- President: Failos Kranidiotis
- Vice President: Alkiviadis Kefalas
- Secretary General: Christos Christidis
- Founded: 13 May 2016
- Dissolved: 2023
- Split from: New Democracy
- Headquarters: 3-5 Apollonos Str., GR 105 57 Athens, Attiki
- Ideology: National conservatism
- Political position: Far-right
- European affiliation: Identity and Democracy Party (2018–2023)
- Colours: Blue Crimson
- Parliament: 0 / 300
- European Parliament: 0 / 21
- Regions: 0 / 703

Website
- neadexia.gr

= New Right (Greece) =

The New Right (Νέα Δεξιά, Nea Dexia) was a national conservative and far-right political party in Greece.
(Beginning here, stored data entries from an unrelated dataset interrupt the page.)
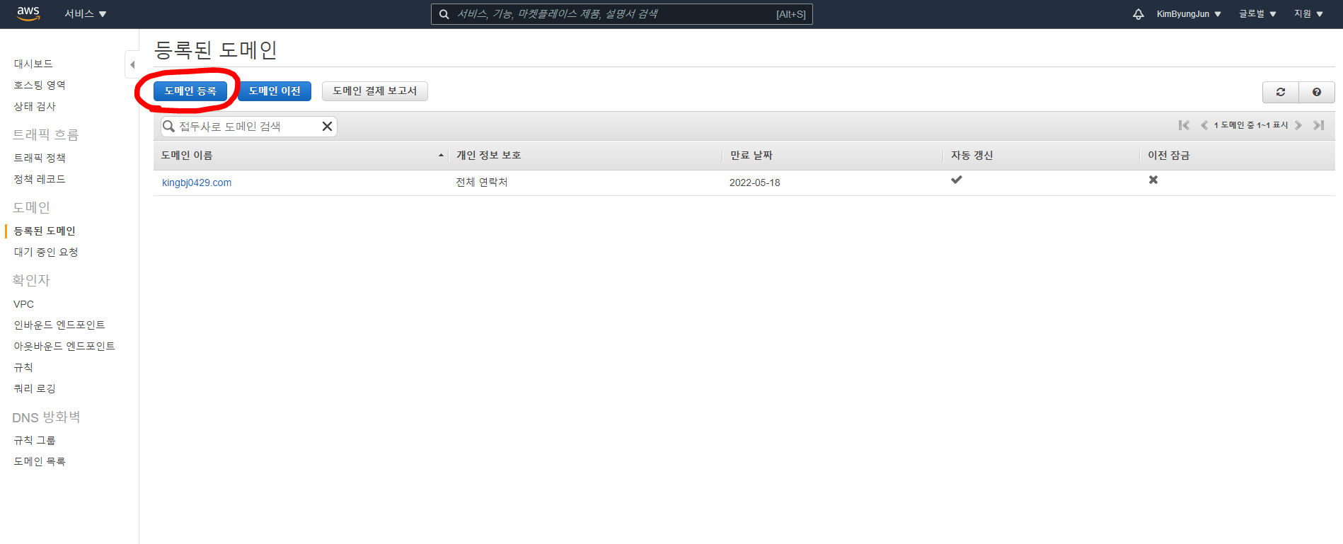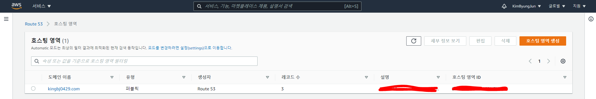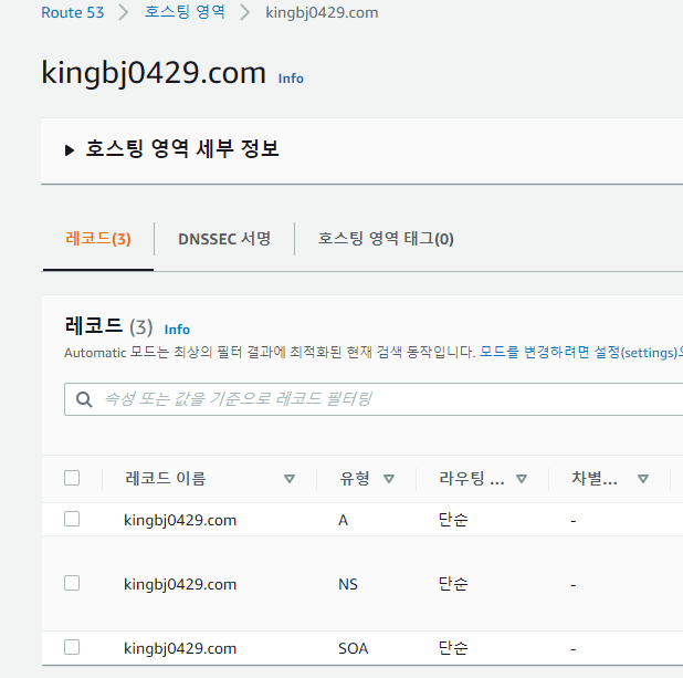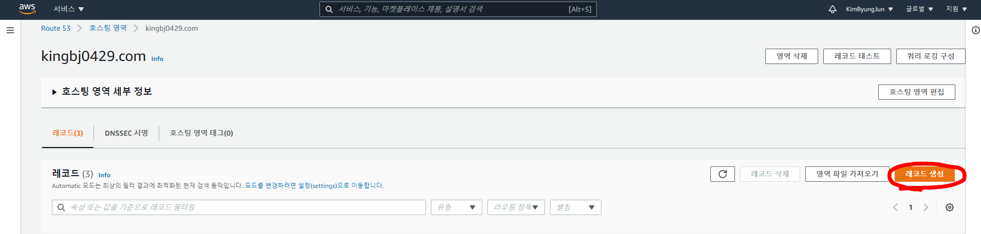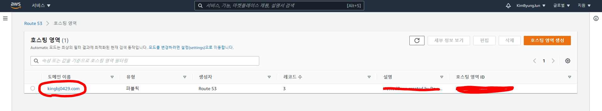 ๋ค์ Route 53์ ํธ์คํ ์์ญ์ผ๋ก ์ด๋ํด์ค๋๋ค. ์ดํ ๋๋ฉ์ธ ์ด๋ฆ์ ํด๋ฆญํด์ค๋๋ค.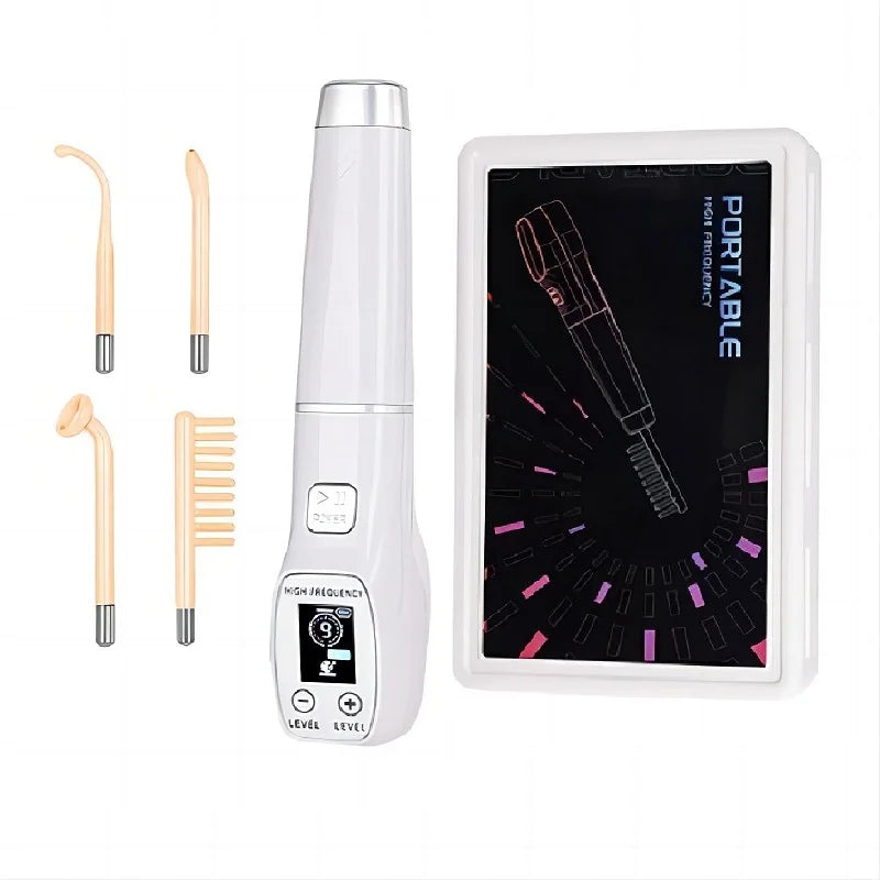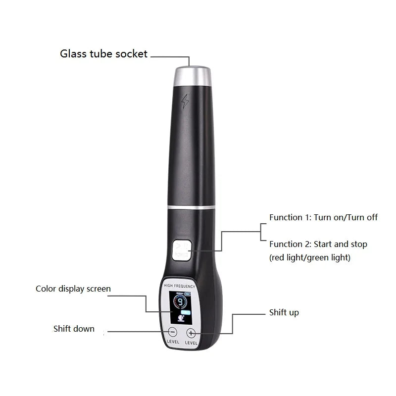 1:Portable high-frequency machine through new fusion glass electrode tube (Ar+Ne) to produce high-frequency current, accelerate the blood circulation and the metabolism to Anti-acne treatment and promote acne healing, reduce wrinkle and tighten skin, prevent hair loss and stimulate grow new hair.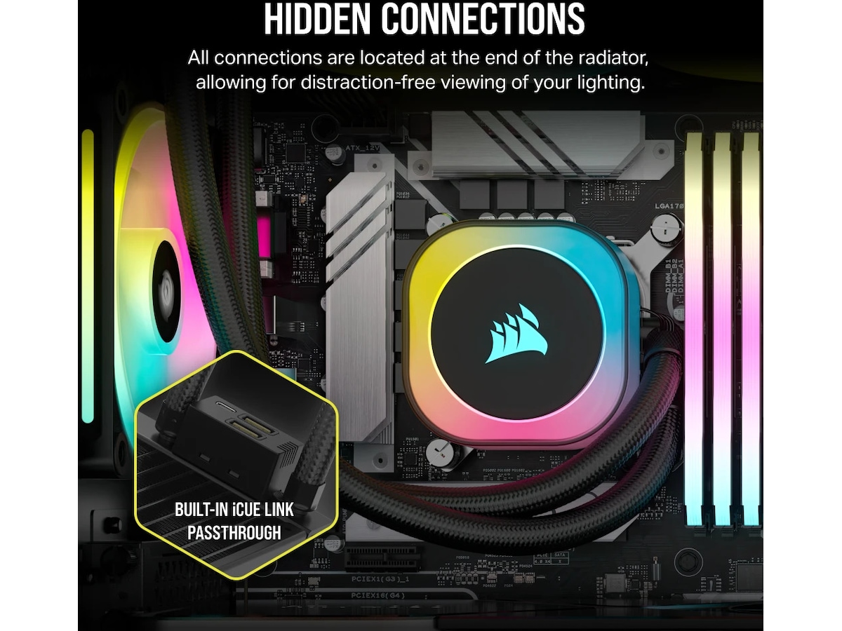 | Egenskaber | Adresserbar RGB, Gummislanger (450 mm), Termisk fedt forudtrykt med CORSAIR XTM70 Extreme Performance, Zero RPM-blæsertilstand |
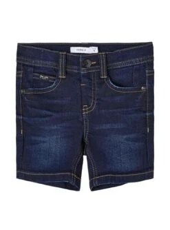Bermuda Name It. Modèle Sofus. Couleur bleu foncé. Tissu denim extensible. Fermeture par bouton pression. Cinq poches. Coutures contrastées. Taille ajustable.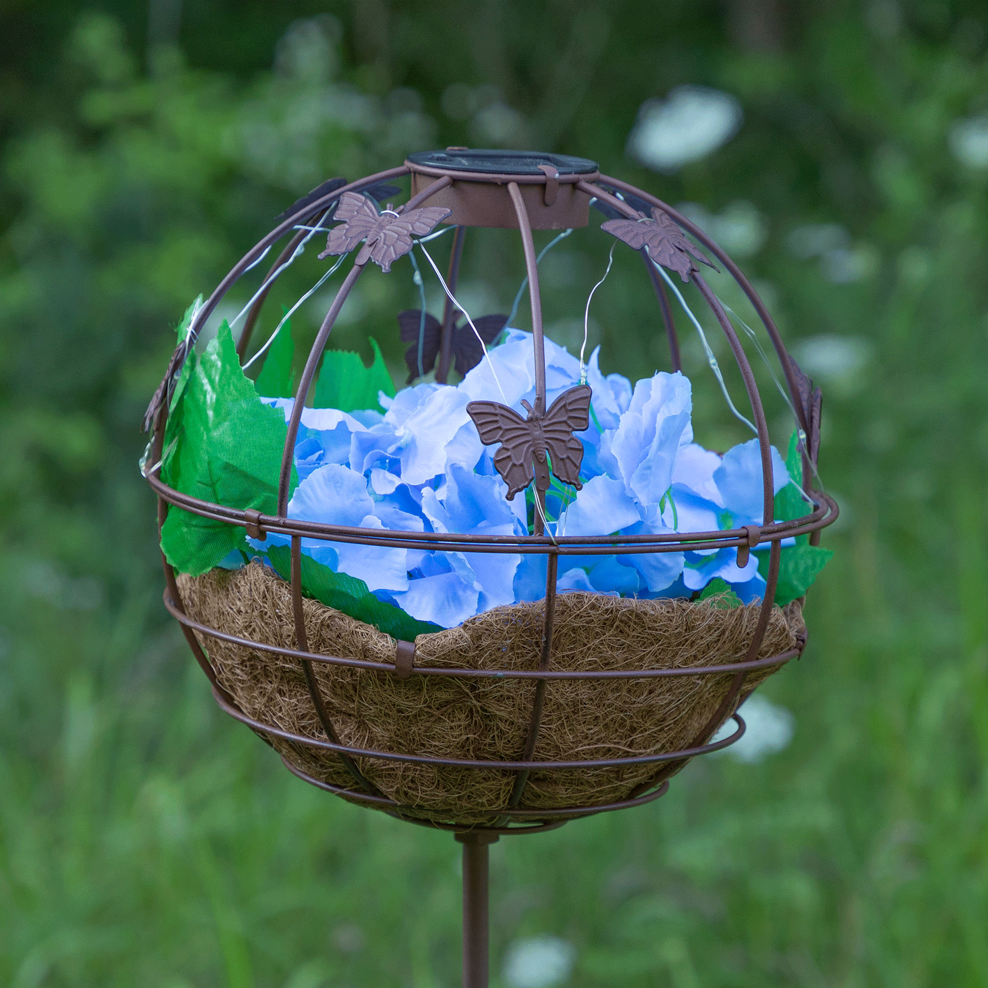 Turn your outdoor space into an ethereal place to relax! Easily stake this sphere planter into the ground with the solar panel in full sun to charge, and enjoy the butterflies or bees that flutter throughout the design! Topped with colorful faux flowers and greenery to enjoy during the day, and softly glowing LED lights that shine all night.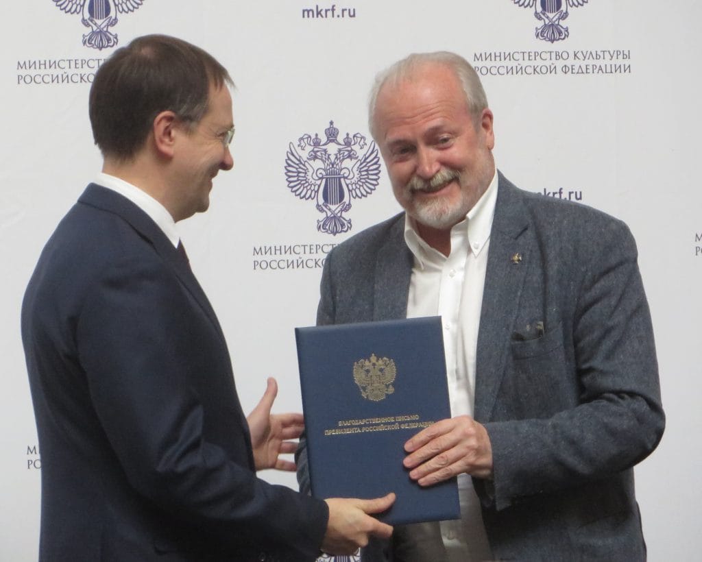 Благодарственные письма президента РФ вручили худруку МХАТ имени Горького Эдуарду Боякову, худруку Малого театра Юлию Соломину, гендиректору Большого театра Владимиру Урину, режиссеру Владимиру Хотиненко, режиссеру Юрию Кара, певцу Денису Майданову, заместителю Министра культуры РФ Николаю Овсиенко, художественному руководителю Русского народного хора имени Пятницкого Александре Пермяковой, актрисе Ксении Лавровой-Глинка и художнику Александру Шилову.

The party was formed in May 2016 by Failos Kranidiotis, a lawyer and former advisor to former prime minister Antonis Samaras, after Kranidiotis was ousted from the New Democracy party.

== History ==
Failos Kranidiotis, a lawyer and former advisor to ex-Prime Minister Antonis Samaras, founded the new party in May 2016, shortly after he was ousted from the conservative New Democracy party, by leader Kyriakos Mitsotakis over controversial online comments.

In June 2016, Kranidiotis announced the party's National Council (presidium).

In May 2022, the party announced a new coalition formed with Recreate Greece, and named National Creation.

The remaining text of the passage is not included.